Just to provide a rough estimate of the taxes we're talking about, here's what you'd have to pay at YVR (which obviously neither QR or EK fly to, but these numbers and policies should be fairly representative for YUL as well, in addition to plenty of other European jurisdictions).
A bottle of 2013 Dom Perignon costs $240 wholesale, of which $115 is from various liquor taxes (an airline wouldn't pay any net sales tax).
A bottle of Moet Brut costs $59, with $29 of that being liquor tax.
You're paying an additional $15 or so in taxes per 125mL serving (in addition to the increased cost of the more expensive product)

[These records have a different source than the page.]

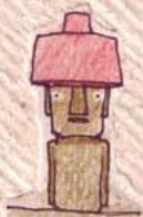
Parque Nacional de Rapa Nui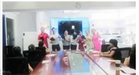
Inner Training after study from Alibaba in July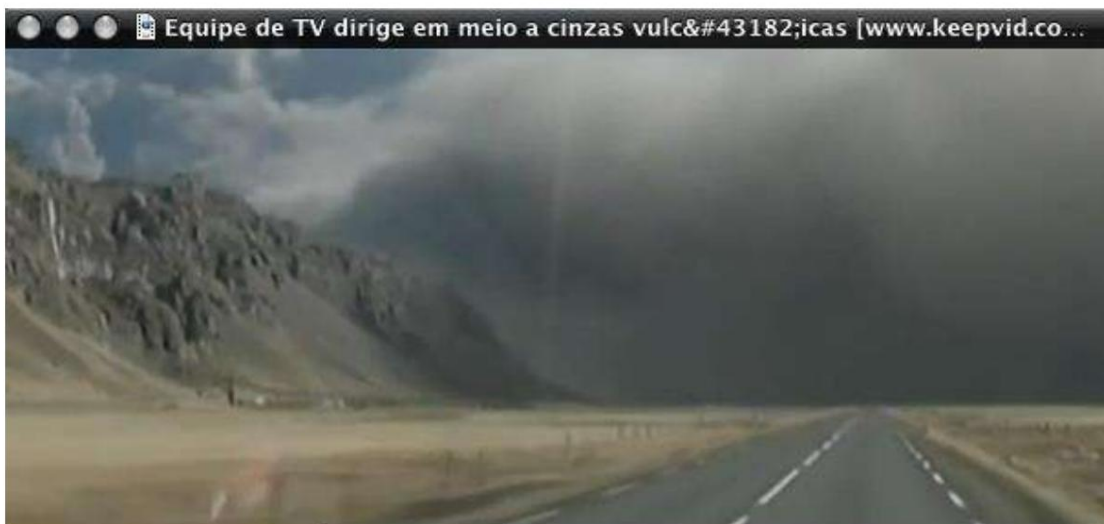
Изображение 1 – дым от извержения исландского вулкана распространяется по горизонту.

температуры, он будет стремиться выйти через « дыры» в земле. Наша планета на самом деле имеет множество « дыр», называемых вулканами – дыр, через которые под высоким давлением выходит расплавленная лава. После падения кометы давление, создаваемое « ударом», который она нанесет на земную поверхность, будет снято взрывами многих вулканов. Каждый из них выбросит в небо тысячи тонн расплавленных металлов, серы, токсичных отходов и черного дыма, затемняющего солнце и воздух. Результаты будут аналогичны тем, которые наблюдались после извержения всего лишь одного вулкана в Исландии в октябре 2010 года, когда почти половина рейсов в Европу была отменена. Возле вулкана неба не было видно, так как все заволочло дымом.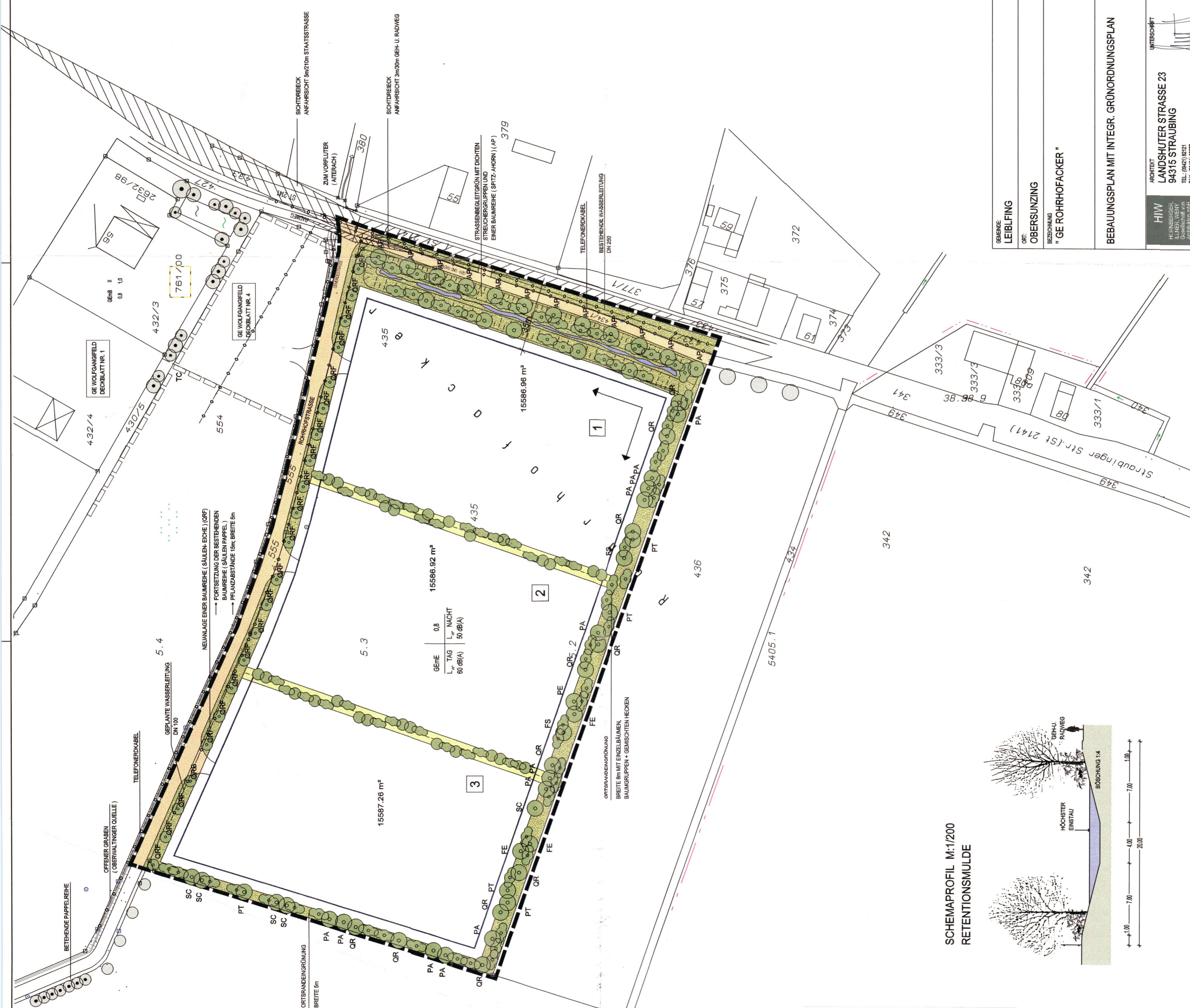
SCHEMAPROFIL M:1/200 RETENTIONS MULDE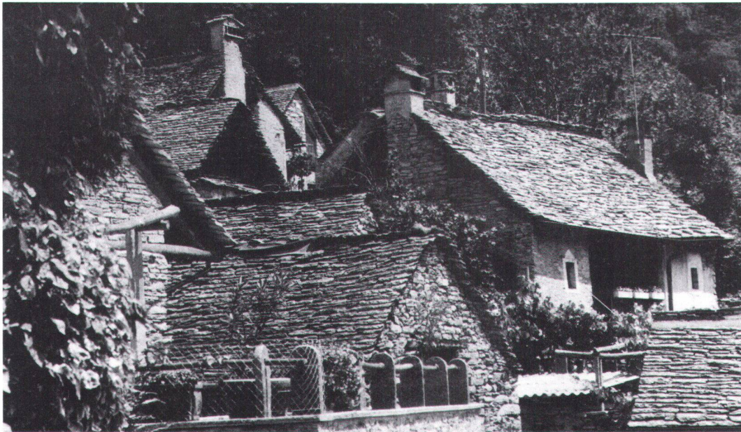
Verwinkelte Dachlandschaft aus Gneis-Platten. Toits de pierre typiquement tessinois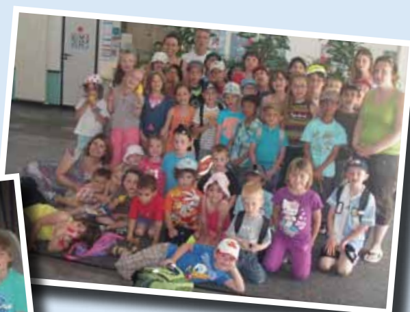
Sortie à la piscine Sirenia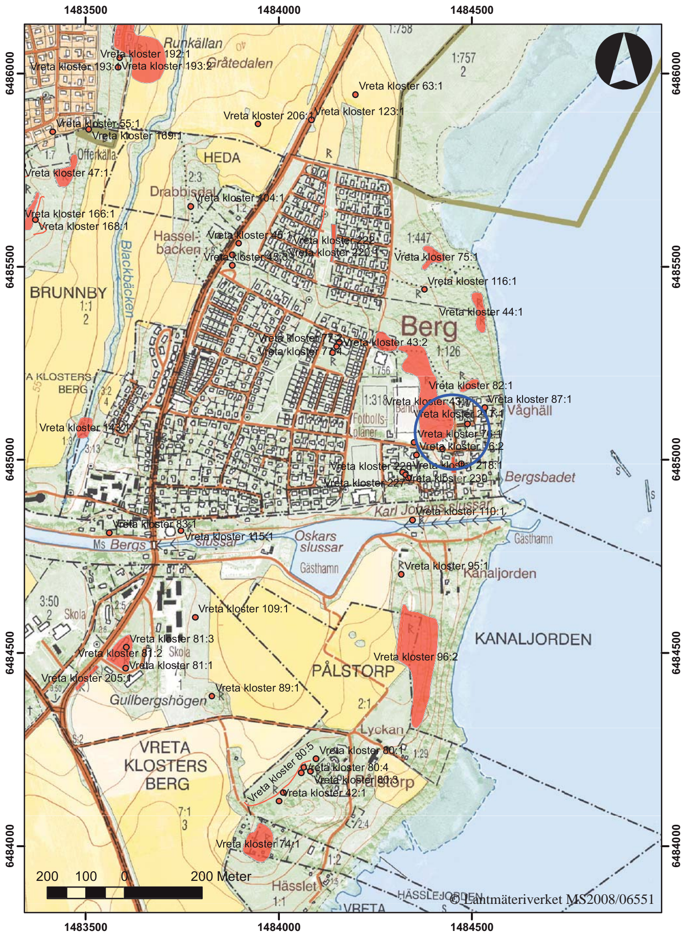
Figur 2. Utdrag ur digitala Fastighetskartan med undersökningsområdet markerat. (blått) Skala 1:10 000.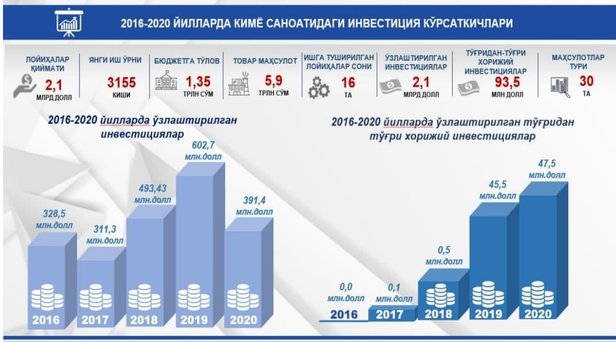
2-расм. 2016-2020 йилларда кимё саноатидаги асосий инвестиция кўрсаткичлари 1

Ўзбекистондаги кимё саноати корхоналарига 2016-2020 йилларда 2,1 млрд. долларга тенг қийматли лойиҳалар амалга оширилган. Бунинг натижасида 3155 та янги иш ўрни яратиш имконияти яратилди. Лойиҳалар ишга туширилиши натижасида жами 1,35 трлн. сўм бюджетга йўналтирилган.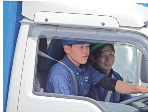
▲大きな事故もなく、安全運転に努めています

これから、高校生の就職活動が本格化する時期。 就職を考えている皆さんに、地元で輝く若手社員たちから、今がんばっていることや、自分らしく働くヒントを教えてくださいました。誰かの笑顔のために、自分の夢のために汗を流す西条の若者の姿に、大人たちも元気をもらえます。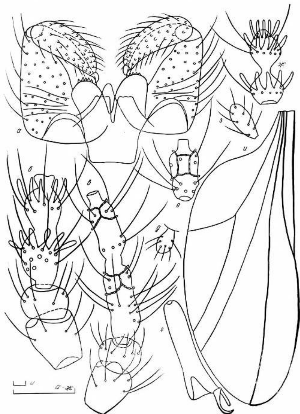
Рис. 3. Детали строения Halodiplosis hammadae sp. n.: а, б, г, д, ж, и — самец; в, е, з — самка: а — гениталии; б — скапус, педицелл, 1-й членик жгутика; в — скапус, педицелл, 1-й и 2-й членики жгутика; г — коготок лапки; д, з — щупик; е — 5-й членик жгутика; ж — 12-й членик жгутика; и — крыло (масштаб 0,1 мм).

Самка. Длина тела 2,2—3,4 мм при нерасправленном яйцекладе. Антенны 2+11, членики жгутика со стебельками, средние с перетяжкой в базальной трети, длина 1-го в 1,3 раза больше длины 2-го, длина 5-го в 2,2 раза больше ширины, базальное утолщение в 3,9 раза больше стебелька. 11-й членик слегка сужается к вершине, в 1,3 раза длиннее 10-го. Щупик овальный, но сильнее расширен в дистальной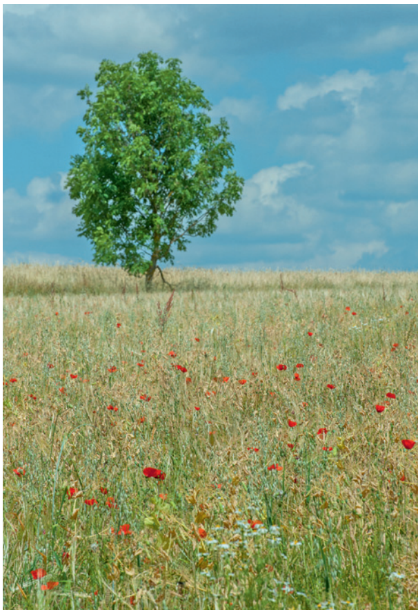
Getreidefeld mit Mohn und Baum, siehe Workshop: „Sommerlandschaft“.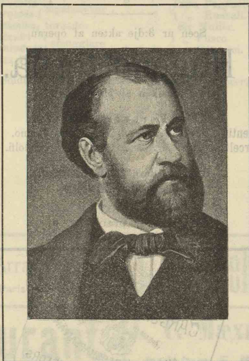
Charles François Gounod,

Börjas kl. 7,30 och slutas omkr. kl. 10,15 e. m.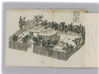
西郷隆盛奄美大島幽居の絵図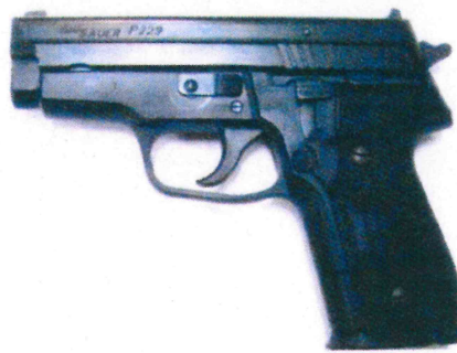
SIG SAUER P229 SL Black 9 มม.

I think what's more important than the taxes, is that you also need to actually buy the product from the local government monopoly. You can't just open a bottle that was bought elsewhere and wire the tax payment somewhere. A government liquor monopoly generally does not allow discounting product or having different prices for different customers. LVMH gets $125 for every bottle of DP sold in BC, but given how the luxury goods market works, I'd be surprised if product to be consumed in flight in first class isn't supplied for free as part of a larger promotional agreement between EK and LVMH.
So your pre departure Moet costs the airline $10 per passenger (whereas a pre departure DP would cost $40 per passenger), and that's almost certainly the drink with the highest cost to the airline of the whole flight.